Galapagos Islands: Land without frogs

So… why aren’t there any frogs in the Galapagos Islands? I don’t know if Galapagos tour visitors ever wonder about this, but Charles Darwin did find the particular fact quite unnerving… especially since he was ready to study theology for who knows how long and perhaps even become a priest. Could he still do this, upon noticing that the Galapagos Islands had no frogs? There were enough marsh and lake habitats to support amphibian life… why, and this was the question, did God not put amphibians in them!?

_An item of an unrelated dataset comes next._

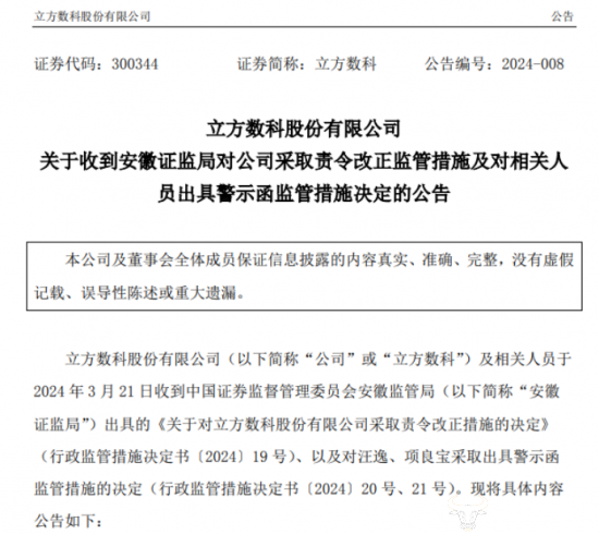 此外,值得一提的是,2024年3月21日,立方数科发布关于收到安徽证监局对公司采取责令改正监管措施及对相关人员出具警示函监管措施决定的公告,其中就有项良宝。此次被处罚是由于未履行关联交易审议流程和披露义务、财务会计核算不规范以及内幕信息知情人登记管理不规范。

Galapagos frog? Not exactly...

There may very well be an interpretable answer to this in the Bible, actually explaining why God decided the Galapagos, out of all places, did not deserve frogs. But Darwin thought, perhaps, there was a simpler solution, much less divine, and much more logical, as to why the Galapagos Islands did not record amphibians. His basic conclusion was: they never got there. While the other animals found in the archipelago did… frogs didn’t. They actually couldn’t… they would die in the oceanic salt water.

So putting two and two together, this could feasibly suggest that, at some point, the Galapagos Islands had no living creatures on them, and that the only living creatures Darwin found somehow traveled to the islands by their own means. No divine intervention… just plain transportation on large rafts of vegetation.

Darwin’s absence-of-frogs observation may have been one of the earliest suggestions of a land without animals… past the Seventh Day of Creation, that is.  “This could be big… very big.”